What you should do: Print the data that follows word for word, leaving out any picture.

The data:
-- Opening Marker --
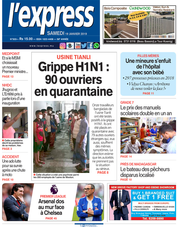 En une, grippe H1N1 : 90 ouvriers en quarantaine. Autres titres : une mineure s’enfuit de l’hôpital avec son bébé et le prix des manuels scolaires de Grade 7 double en un an.
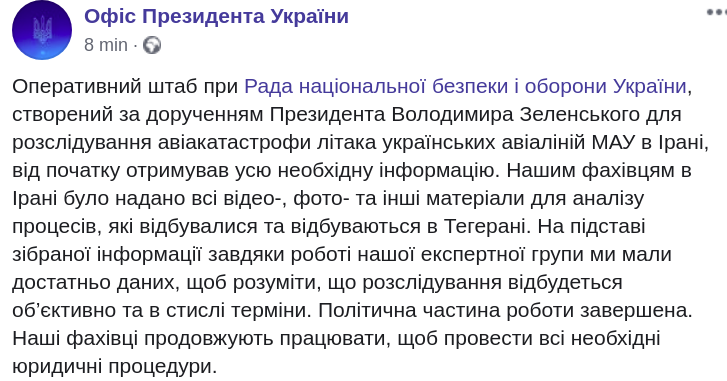 В Офисе президента Украины заявили о том, что оперативный штаб при Совете национальной безопасности и обороны Украины, созданный по поручению президента Владимира Зеленского для расследования авиакатастрофы самолета украинских авиалиний МАУ в Иране, с самого начала получал всю необходимую информацию. Об этом говорится на Facebook-странице Офиса президента.
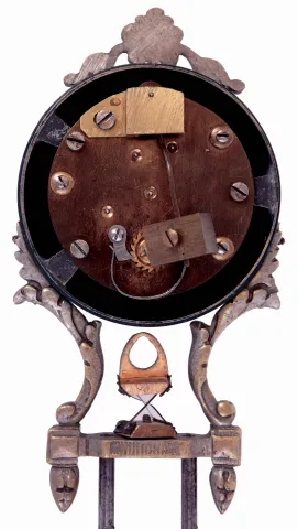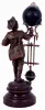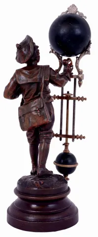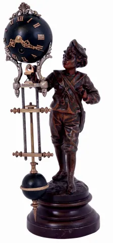 Miniature French Swinger, signed "Aug. Moreau", the patinated spelter figure of a young boy wearing a tam-o-shanter cap, and with a bag slung over his left shoulder, his right hand raised and supporting the miniature swinging timepiece, 8 day, key wound movement contained in a dark green sphere with gilt Roman numerals and Louis XV hands, and 3 rod "gridiron" terminating in a smaller green sphere with gilt equatorial band, c1890 figure retains original patina with minor losses, left pinky finger missing, base with minor dents, clock retains original green finish with minor losses, nickel plating with minor wear, ticking, suspension springs with minor distortion, will need service and adjustment in order to run reliably. Ht 12"
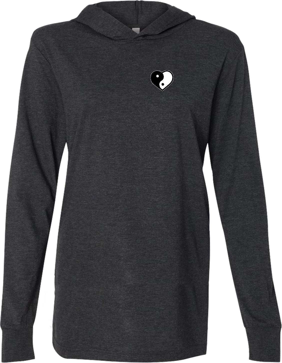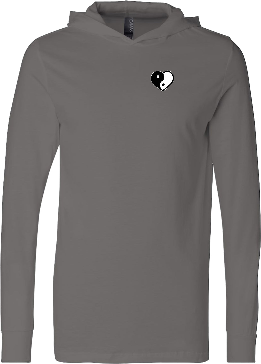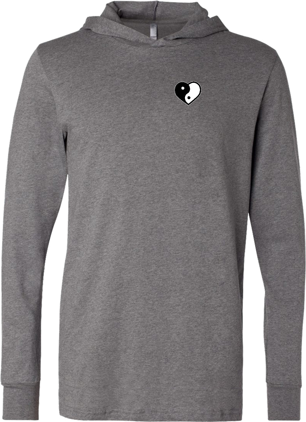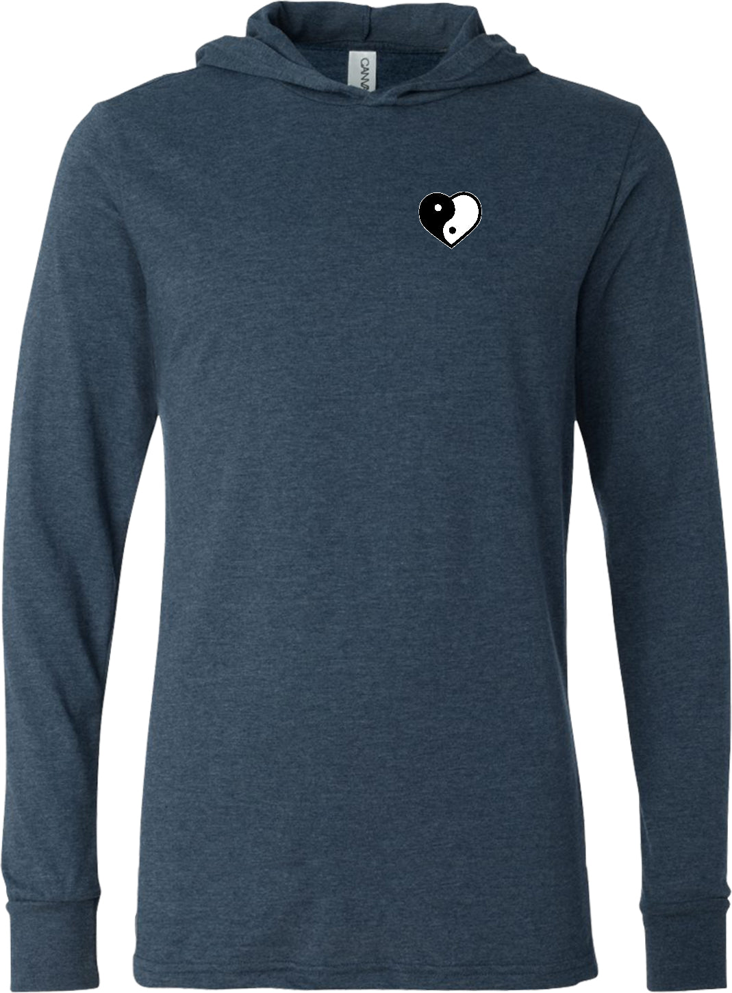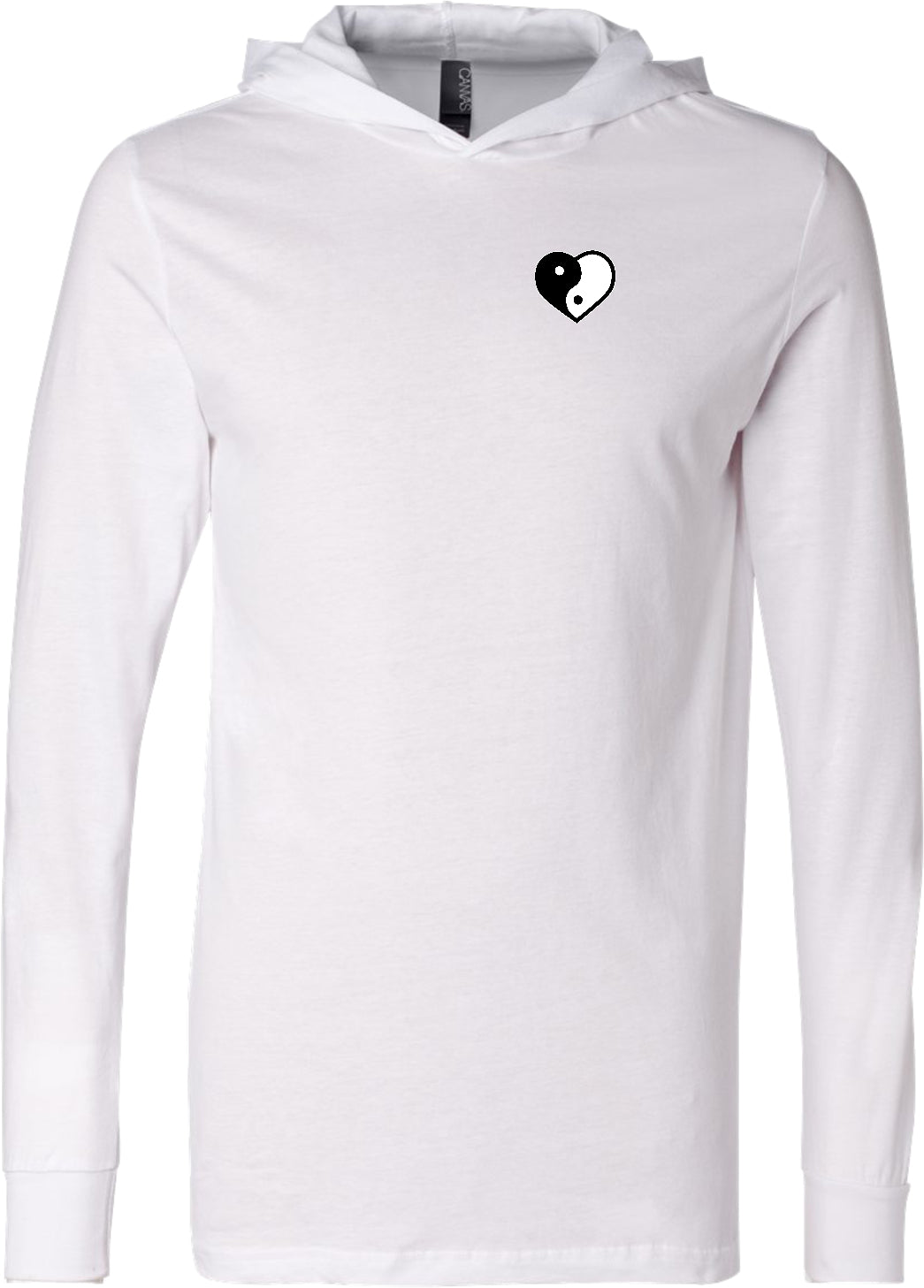 - A men's lightweight hoodie t-shirt featuring the yin yang heart pocket print
-- Closing Marker --
Your solution:
 En une, grippe H1N1 : 90 ouvriers en quarantaine. Autres titres : une mineure s’enfuit de l’hôpital avec son bébé et le prix des manuels scolaires de Grade 7 double en un an.
 В Офисе президента Украины заявили о том, что оперативный штаб при Совете национальной безопасности и обороны Украины, созданный по поручению президента Владимира Зеленского для расследования авиакатастрофы самолета украинских авиалиний МАУ в Иране, с самого начала получал всю необходимую информацию. Об этом говорится на Facebook-странице Офиса президента.
 Miniature French Swinger, signed "Aug. Moreau", the patinated spelter figure of a young boy wearing a tam-o-shanter cap, and with a bag slung over his left shoulder, his right hand raised and supporting the miniature swinging timepiece, 8 day, key wound movement contained in a dark green sphere with gilt Roman numerals and Louis XV hands, and 3 rod "gridiron" terminating in a smaller green sphere with gilt equatorial band, c1890 figure retains original patina with minor losses, left pinky finger missing, base with minor dents, clock retains original green finish with minor losses, nickel plating with minor wear, ticking, suspension springs with minor distortion, will need service and adjustment in order to run reliably. Ht 12"
 - A men's lightweight hoodie t-shirt featuring the yin yang heart pocket print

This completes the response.